Note that setup_cache is not parameterized.

For the purposes of identifying benchmarks in the UI, repr() is called on the elements of params. In the event these strings contain memory addresses, those addresses are stripped to allow comparison across runs. Additionally, if this results in a non-unique mapping, each duplicated element will be suffixed with a distinct integer identifier corresponding to order of appearance.

Timing benchmarks¶

warmup_time: asv will spend this time (in seconds) in calling the benchmarked function repeatedly, before starting to run the actual benchmark. If not specified, warmup_time defaults to 0.1 seconds (on PyPy, the default is 1.0 sec).
rounds: How many rounds to run the benchmark in (default: 2). The rounds run different timing benchmarks in an interleaved order, allowing to sample over longer periods of background performance variations (e.g. CPU power levels).
repeat: The number measurement samples to collect per round. Each sample consists of running the benchmark number times. The median time from all samples collected in all roudns is used as the final measurement result.

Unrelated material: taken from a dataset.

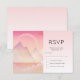RSVP card with a lovely charming illustration. Pastel colors of pink and peach. Landscape scene with planets, mountains and clouds.

repeat can be a tuple (min_repeat, max_repeat, max_time). In this case, the measurement first collects at least min_repeat samples, and continues until either max_repeat samples are collected or the collection time exceeds max_time.

When not provided (repeat set to 0), the default value is (1, 10, 20.0) if rounds==1 and (1, 5, 10.0) otherwise.
number: Manually choose the number of iterations in each sample. If number is specified, sample_time is ignored. Note that setup and teardown are not run between iterations: setup runs first, then the timed benchmark routine is called number times, and after that teardown runs.
sample_time: asv will automatically select number so that each sample takes approximately sample_time seconds. If not specified, sample_time defaults to 10 milliseconds.
min_run_count: the function is run at least this many times during benchmark. Default: 2
timer: The timing function to use, which can be any source of monotonically increasing numbers, such as time.clock, time.time or time.process_time. If it’s not provided, it defaults to timeit.default_timer, but other useful values are process_time, for which asv provides a backported version for versions of Python prior to 3.3.

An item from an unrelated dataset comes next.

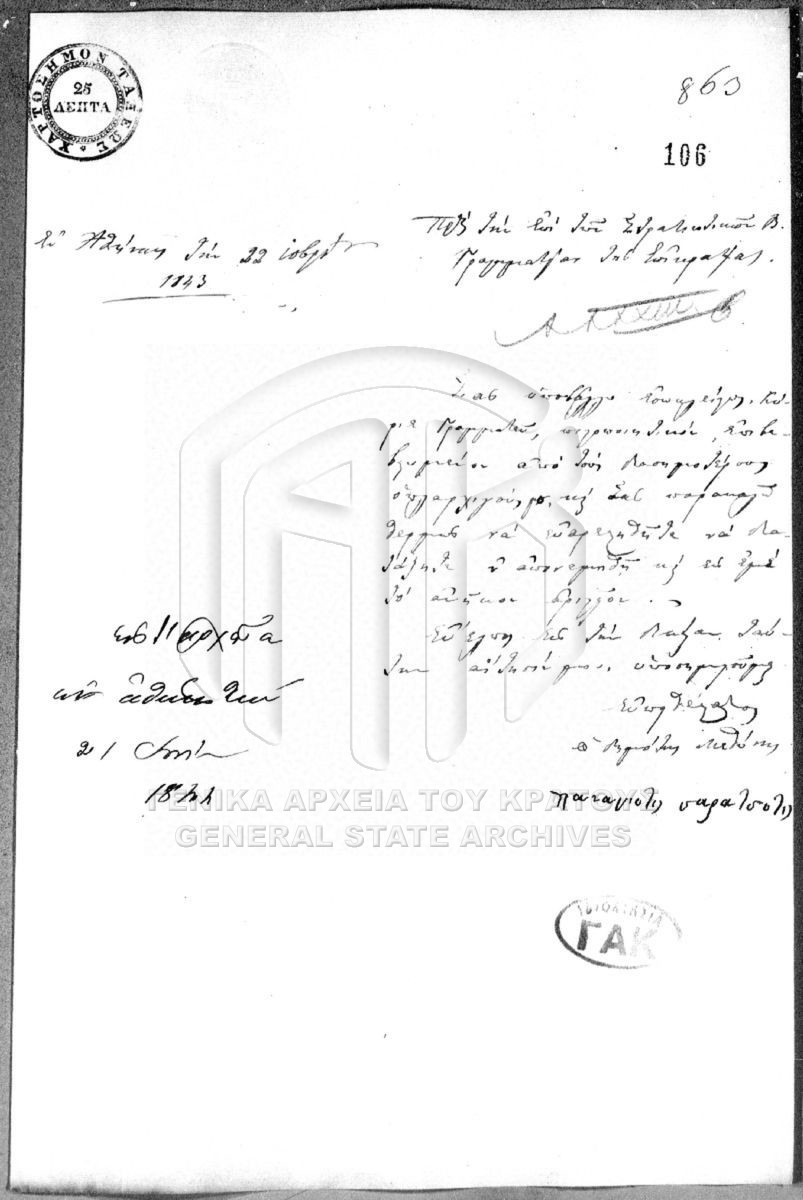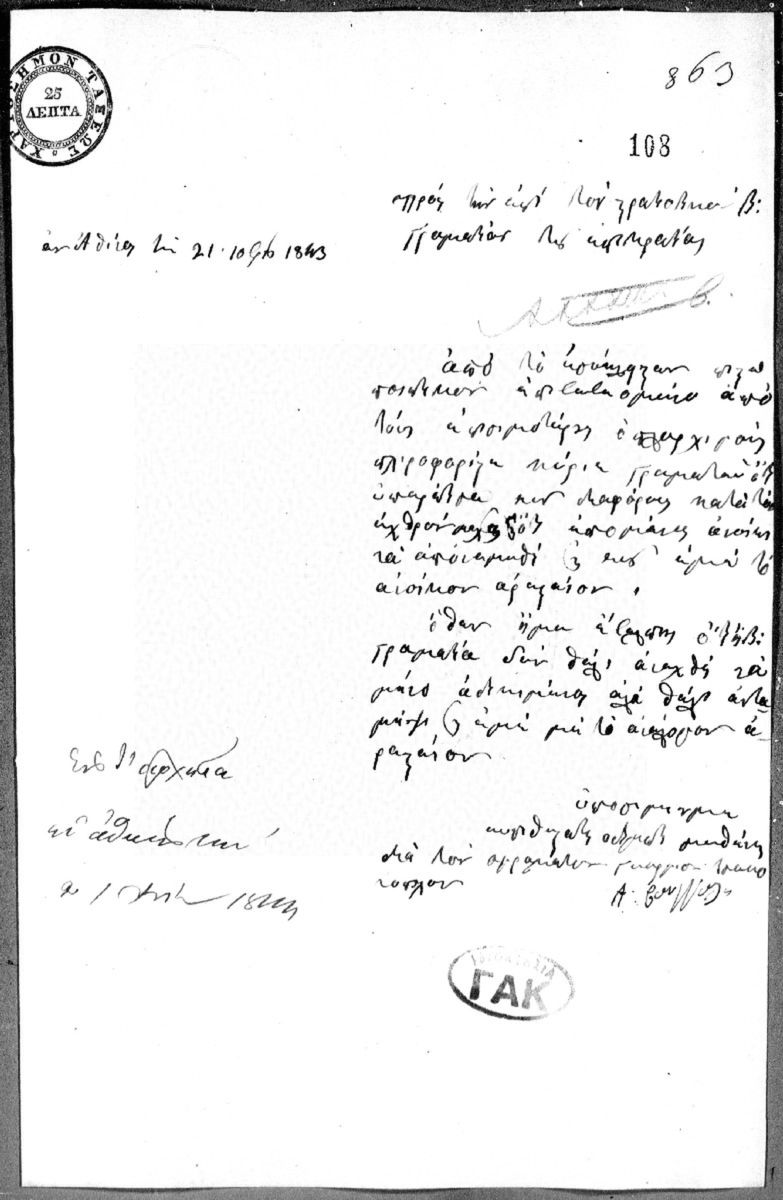 [Αρχείο] GRGSA-CSA_PAO007.00 Αριστεία [1834 - 1865] Το αρχείο αποτελείται από 307 φακέλους ποικίλου όγκου, οι οποίοι φέρουν ταξινομική αρίθμηση κατά χρονολογική σειρά, από 1-307. Αθροιστικά... |

Changed in version 0.4: Previously, the default timer measured process time, which was chosen to minimize noise from other processes. However, on Windows, this is only available at a resolution of 15.6ms, which is greater than the recommended benchmark runtime of 10ms. Therefore, we default to the highest resolution clock on any platform.

The sample_time, number, repeat, and timer attributes can be adjusted in the setup() routine, which can be useful for parameterized benchmarks.

Tracking benchmarks¶

unit: The unit of the values returned by the benchmark. Used for display in the web interface.

Environment variables¶

When asv runs benchmarks, several environment variables are defined, see ASV environment variables.